___ DATA RECORDS ___

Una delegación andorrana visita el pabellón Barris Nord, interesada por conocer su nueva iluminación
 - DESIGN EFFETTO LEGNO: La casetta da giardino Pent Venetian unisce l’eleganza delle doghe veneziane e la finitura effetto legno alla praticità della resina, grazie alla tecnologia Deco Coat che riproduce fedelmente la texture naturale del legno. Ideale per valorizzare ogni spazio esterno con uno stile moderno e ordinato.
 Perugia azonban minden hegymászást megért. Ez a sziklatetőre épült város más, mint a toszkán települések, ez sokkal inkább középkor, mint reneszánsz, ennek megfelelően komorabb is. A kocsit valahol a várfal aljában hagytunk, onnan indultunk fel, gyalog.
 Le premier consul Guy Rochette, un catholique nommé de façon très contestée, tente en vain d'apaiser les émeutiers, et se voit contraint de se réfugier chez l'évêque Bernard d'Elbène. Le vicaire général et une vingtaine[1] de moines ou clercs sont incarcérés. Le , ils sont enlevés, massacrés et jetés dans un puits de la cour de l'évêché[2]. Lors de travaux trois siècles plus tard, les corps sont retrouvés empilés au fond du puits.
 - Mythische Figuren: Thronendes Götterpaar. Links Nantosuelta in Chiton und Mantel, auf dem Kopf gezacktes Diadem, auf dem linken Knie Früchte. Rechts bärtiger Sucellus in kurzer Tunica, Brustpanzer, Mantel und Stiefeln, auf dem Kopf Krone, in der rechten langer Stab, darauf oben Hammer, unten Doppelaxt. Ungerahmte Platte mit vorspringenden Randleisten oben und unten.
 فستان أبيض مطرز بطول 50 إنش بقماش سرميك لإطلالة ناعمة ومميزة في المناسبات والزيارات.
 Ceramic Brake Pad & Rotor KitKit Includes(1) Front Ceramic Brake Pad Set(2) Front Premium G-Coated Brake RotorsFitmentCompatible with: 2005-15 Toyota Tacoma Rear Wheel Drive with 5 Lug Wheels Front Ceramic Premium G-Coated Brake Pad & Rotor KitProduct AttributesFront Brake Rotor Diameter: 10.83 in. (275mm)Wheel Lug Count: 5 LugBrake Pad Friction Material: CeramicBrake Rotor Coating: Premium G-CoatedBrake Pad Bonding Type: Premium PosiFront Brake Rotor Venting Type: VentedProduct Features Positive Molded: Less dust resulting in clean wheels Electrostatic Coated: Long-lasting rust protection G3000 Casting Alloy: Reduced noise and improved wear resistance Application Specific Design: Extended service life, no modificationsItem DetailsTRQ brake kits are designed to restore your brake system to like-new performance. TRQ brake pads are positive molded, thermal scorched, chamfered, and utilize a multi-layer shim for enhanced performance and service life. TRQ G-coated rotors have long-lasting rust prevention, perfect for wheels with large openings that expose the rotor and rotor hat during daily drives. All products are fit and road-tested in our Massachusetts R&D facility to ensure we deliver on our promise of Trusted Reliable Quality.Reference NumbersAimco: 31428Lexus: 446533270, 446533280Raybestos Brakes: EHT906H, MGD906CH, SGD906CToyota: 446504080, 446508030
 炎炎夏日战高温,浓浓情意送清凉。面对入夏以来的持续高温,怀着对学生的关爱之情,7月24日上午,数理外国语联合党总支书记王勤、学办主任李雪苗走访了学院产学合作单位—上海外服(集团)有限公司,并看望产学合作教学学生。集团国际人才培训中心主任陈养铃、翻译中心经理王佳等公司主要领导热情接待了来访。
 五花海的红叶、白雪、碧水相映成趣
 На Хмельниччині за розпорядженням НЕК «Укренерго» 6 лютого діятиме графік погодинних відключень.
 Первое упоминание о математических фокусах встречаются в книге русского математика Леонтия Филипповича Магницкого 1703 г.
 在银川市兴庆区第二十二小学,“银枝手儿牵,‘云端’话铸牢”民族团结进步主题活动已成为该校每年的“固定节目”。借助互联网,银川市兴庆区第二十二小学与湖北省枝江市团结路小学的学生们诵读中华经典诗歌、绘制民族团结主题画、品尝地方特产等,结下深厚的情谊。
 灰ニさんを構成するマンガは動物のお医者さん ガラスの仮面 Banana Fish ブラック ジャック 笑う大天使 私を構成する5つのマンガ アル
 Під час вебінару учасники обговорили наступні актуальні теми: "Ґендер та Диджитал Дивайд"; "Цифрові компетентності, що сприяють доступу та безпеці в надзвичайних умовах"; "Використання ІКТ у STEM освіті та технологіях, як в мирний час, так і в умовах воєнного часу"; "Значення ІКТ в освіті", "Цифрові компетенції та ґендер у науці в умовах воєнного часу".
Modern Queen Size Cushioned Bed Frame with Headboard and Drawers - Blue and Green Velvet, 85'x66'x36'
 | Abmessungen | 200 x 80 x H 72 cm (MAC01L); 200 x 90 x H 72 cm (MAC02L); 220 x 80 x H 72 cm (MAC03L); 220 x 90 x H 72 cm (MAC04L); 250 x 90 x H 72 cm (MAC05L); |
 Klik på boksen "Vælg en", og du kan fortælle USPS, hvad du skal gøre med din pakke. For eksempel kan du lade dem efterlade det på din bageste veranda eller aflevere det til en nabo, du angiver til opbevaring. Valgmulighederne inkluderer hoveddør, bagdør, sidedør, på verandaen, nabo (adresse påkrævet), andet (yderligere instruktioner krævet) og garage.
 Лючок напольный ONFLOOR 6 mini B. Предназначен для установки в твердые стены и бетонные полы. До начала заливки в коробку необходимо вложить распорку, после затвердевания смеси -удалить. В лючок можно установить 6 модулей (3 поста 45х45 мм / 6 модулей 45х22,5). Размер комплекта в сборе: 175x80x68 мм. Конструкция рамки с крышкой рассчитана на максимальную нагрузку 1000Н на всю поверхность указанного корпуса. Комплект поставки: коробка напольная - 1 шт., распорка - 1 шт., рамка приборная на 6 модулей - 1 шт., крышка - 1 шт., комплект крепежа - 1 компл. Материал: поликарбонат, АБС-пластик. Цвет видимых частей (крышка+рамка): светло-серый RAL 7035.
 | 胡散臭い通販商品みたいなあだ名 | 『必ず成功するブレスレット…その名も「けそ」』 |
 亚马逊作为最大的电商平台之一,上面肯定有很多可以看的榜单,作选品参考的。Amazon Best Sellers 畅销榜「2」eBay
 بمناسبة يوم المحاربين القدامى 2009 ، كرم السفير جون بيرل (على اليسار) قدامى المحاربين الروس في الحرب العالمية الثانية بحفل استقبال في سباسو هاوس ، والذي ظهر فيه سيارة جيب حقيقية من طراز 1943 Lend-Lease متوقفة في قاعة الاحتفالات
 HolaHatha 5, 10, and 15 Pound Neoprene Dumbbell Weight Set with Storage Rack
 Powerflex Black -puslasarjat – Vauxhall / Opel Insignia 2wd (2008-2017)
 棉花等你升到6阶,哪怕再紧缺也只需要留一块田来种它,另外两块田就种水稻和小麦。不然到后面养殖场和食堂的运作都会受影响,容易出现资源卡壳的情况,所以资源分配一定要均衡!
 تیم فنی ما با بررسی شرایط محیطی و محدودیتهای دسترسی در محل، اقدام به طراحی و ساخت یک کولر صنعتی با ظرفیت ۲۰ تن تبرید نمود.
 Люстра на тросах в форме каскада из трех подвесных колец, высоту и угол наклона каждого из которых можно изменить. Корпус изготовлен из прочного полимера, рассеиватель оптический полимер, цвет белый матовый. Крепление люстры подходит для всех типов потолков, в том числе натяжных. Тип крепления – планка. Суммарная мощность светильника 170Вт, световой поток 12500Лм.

___

ABOUT THIS EXERCISE | All entries are to be copied exactly as they read.

RESPONSE FOR THIS EXERCISE |
Una delegación andorrana visita el pabellón Barris Nord, interesada por conocer su nueva iluminación
 - DESIGN EFFETTO LEGNO: La casetta da giardino Pent Venetian unisce l’eleganza delle doghe veneziane e la finitura effetto legno alla praticità della resina, grazie alla tecnologia Deco Coat che riproduce fedelmente la texture naturale del legno. Ideale per valorizzare ogni spazio esterno con uno stile moderno e ordinato.
 Perugia azonban minden hegymászást megért. Ez a sziklatetőre épült város más, mint a toszkán települések, ez sokkal inkább középkor, mint reneszánsz, ennek megfelelően komorabb is. A kocsit valahol a várfal aljában hagytunk, onnan indultunk fel, gyalog.
 Le premier consul Guy Rochette, un catholique nommé de façon très contestée, tente en vain d'apaiser les émeutiers, et se voit contraint de se réfugier chez l'évêque Bernard d'Elbène. Le vicaire général et une vingtaine[1] de moines ou clercs sont incarcérés. Le , ils sont enlevés, massacrés et jetés dans un puits de la cour de l'évêché[2]. Lors de travaux trois siècles plus tard, les corps sont retrouvés empilés au fond du puits.
 - Mythische Figuren: Thronendes Götterpaar. Links Nantosuelta in Chiton und Mantel, auf dem Kopf gezacktes Diadem, auf dem linken Knie Früchte. Rechts bärtiger Sucellus in kurzer Tunica, Brustpanzer, Mantel und Stiefeln, auf dem Kopf Krone, in der rechten langer Stab, darauf oben Hammer, unten Doppelaxt. Ungerahmte Platte mit vorspringenden Randleisten oben und unten.
 فستان أبيض مطرز بطول 50 إنش بقماش سرميك لإطلالة ناعمة ومميزة في المناسبات والزيارات.
 Ceramic Brake Pad & Rotor KitKit Includes(1) Front Ceramic Brake Pad Set(2) Front Premium G-Coated Brake RotorsFitmentCompatible with: 2005-15 Toyota Tacoma Rear Wheel Drive with 5 Lug Wheels Front Ceramic Premium G-Coated Brake Pad & Rotor KitProduct AttributesFront Brake Rotor Diameter: 10.83 in. (275mm)Wheel Lug Count: 5 LugBrake Pad Friction Material: CeramicBrake Rotor Coating: Premium G-CoatedBrake Pad Bonding Type: Premium PosiFront Brake Rotor Venting Type: VentedProduct Features Positive Molded: Less dust resulting in clean wheels Electrostatic Coated: Long-lasting rust protection G3000 Casting Alloy: Reduced noise and improved wear resistance Application Specific Design: Extended service life, no modificationsItem DetailsTRQ brake kits are designed to restore your brake system to like-new performance. TRQ brake pads are positive molded, thermal scorched, chamfered, and utilize a multi-layer shim for enhanced performance and service life. TRQ G-coated rotors have long-lasting rust prevention, perfect for wheels with large openings that expose the rotor and rotor hat during daily drives. All products are fit and road-tested in our Massachusetts R&D facility to ensure we deliver on our promise of Trusted Reliable Quality.Reference NumbersAimco: 31428Lexus: 446533270, 446533280Raybestos Brakes: EHT906H, MGD906CH, SGD906CToyota: 446504080, 446508030
 炎炎夏日战高温,浓浓情意送清凉。面对入夏以来的持续高温,怀着对学生的关爱之情,7月24日上午,数理外国语联合党总支书记王勤、学办主任李雪苗走访了学院产学合作单位—上海外服(集团)有限公司,并看望产学合作教学学生。集团国际人才培训中心主任陈养铃、翻译中心经理王佳等公司主要领导热情接待了来访。
 五花海的红叶、白雪、碧水相映成趣
 На Хмельниччині за розпорядженням НЕК «Укренерго» 6 лютого діятиме графік погодинних відключень.
 Первое упоминание о математических фокусах встречаются в книге русского математика Леонтия Филипповича Магницкого 1703 г.
 在银川市兴庆区第二十二小学,“银枝手儿牵,‘云端’话铸牢”民族团结进步主题活动已成为该校每年的“固定节目”。借助互联网,银川市兴庆区第二十二小学与湖北省枝江市团结路小学的学生们诵读中华经典诗歌、绘制民族团结主题画、品尝地方特产等,结下深厚的情谊。
 灰ニさんを構成するマンガは動物のお医者さん ガラスの仮面 Banana Fish ブラック ジャック 笑う大天使 私を構成する5つのマンガ アル
 Під час вебінару учасники обговорили наступні актуальні теми: "Ґендер та Диджитал Дивайд"; "Цифрові компетентності, що сприяють доступу та безпеці в надзвичайних умовах"; "Використання ІКТ у STEM освіті та технологіях, як в мирний час, так і в умовах воєнного часу"; "Значення ІКТ в освіті", "Цифрові компетенції та ґендер у науці в умовах воєнного часу".
Modern Queen Size Cushioned Bed Frame with Headboard and Drawers - Blue and Green Velvet, 85'x66'x36'
 | Abmessungen | 200 x 80 x H 72 cm (MAC01L); 200 x 90 x H 72 cm (MAC02L); 220 x 80 x H 72 cm (MAC03L); 220 x 90 x H 72 cm (MAC04L); 250 x 90 x H 72 cm (MAC05L); |
 Klik på boksen "Vælg en", og du kan fortælle USPS, hvad du skal gøre med din pakke. For eksempel kan du lade dem efterlade det på din bageste veranda eller aflevere det til en nabo, du angiver til opbevaring. Valgmulighederne inkluderer hoveddør, bagdør, sidedør, på verandaen, nabo (adresse påkrævet), andet (yderligere instruktioner krævet) og garage.
 Лючок напольный ONFLOOR 6 mini B. Предназначен для установки в твердые стены и бетонные полы. До начала заливки в коробку необходимо вложить распорку, после затвердевания смеси -удалить. В лючок можно установить 6 модулей (3 поста 45х45 мм / 6 модулей 45х22,5). Размер комплекта в сборе: 175x80x68 мм. Конструкция рамки с крышкой рассчитана на максимальную нагрузку 1000Н на всю поверхность указанного корпуса. Комплект поставки: коробка напольная - 1 шт., распорка - 1 шт., рамка приборная на 6 модулей - 1 шт., крышка - 1 шт., комплект крепежа - 1 компл. Материал: поликарбонат, АБС-пластик. Цвет видимых частей (крышка+рамка): светло-серый RAL 7035.
 | 胡散臭い通販商品みたいなあだ名 | 『必ず成功するブレスレット…その名も「けそ」』 |
 亚马逊作为最大的电商平台之一,上面肯定有很多可以看的榜单,作选品参考的。Amazon Best Sellers 畅销榜「2」eBay
 بمناسبة يوم المحاربين القدامى 2009 ، كرم السفير جون بيرل (على اليسار) قدامى المحاربين الروس في الحرب العالمية الثانية بحفل استقبال في سباسو هاوس ، والذي ظهر فيه سيارة جيب حقيقية من طراز 1943 Lend-Lease متوقفة في قاعة الاحتفالات
 HolaHatha 5, 10, and 15 Pound Neoprene Dumbbell Weight Set with Storage Rack
 Powerflex Black -puslasarjat – Vauxhall / Opel Insignia 2wd (2008-2017)
 棉花等你升到6阶,哪怕再紧缺也只需要留一块田来种它,另外两块田就种水稻和小麦。不然到后面养殖场和食堂的运作都会受影响,容易出现资源卡壳的情况,所以资源分配一定要均衡!
 تیم فنی ما با بررسی شرایط محیطی و محدودیتهای دسترسی در محل، اقدام به طراحی و ساخت یک کولر صنعتی با ظرفیت ۲۰ تن تبرید نمود.
 Люстра на тросах в форме каскада из трех подвесных колец, высоту и угол наклона каждого из которых можно изменить. Корпус изготовлен из прочного полимера, рассеиватель оптический полимер, цвет белый матовый. Крепление люстры подходит для всех типов потолков, в том числе натяжных. Тип крепления – планка. Суммарная мощность светильника 170Вт, световой поток 12500Лм.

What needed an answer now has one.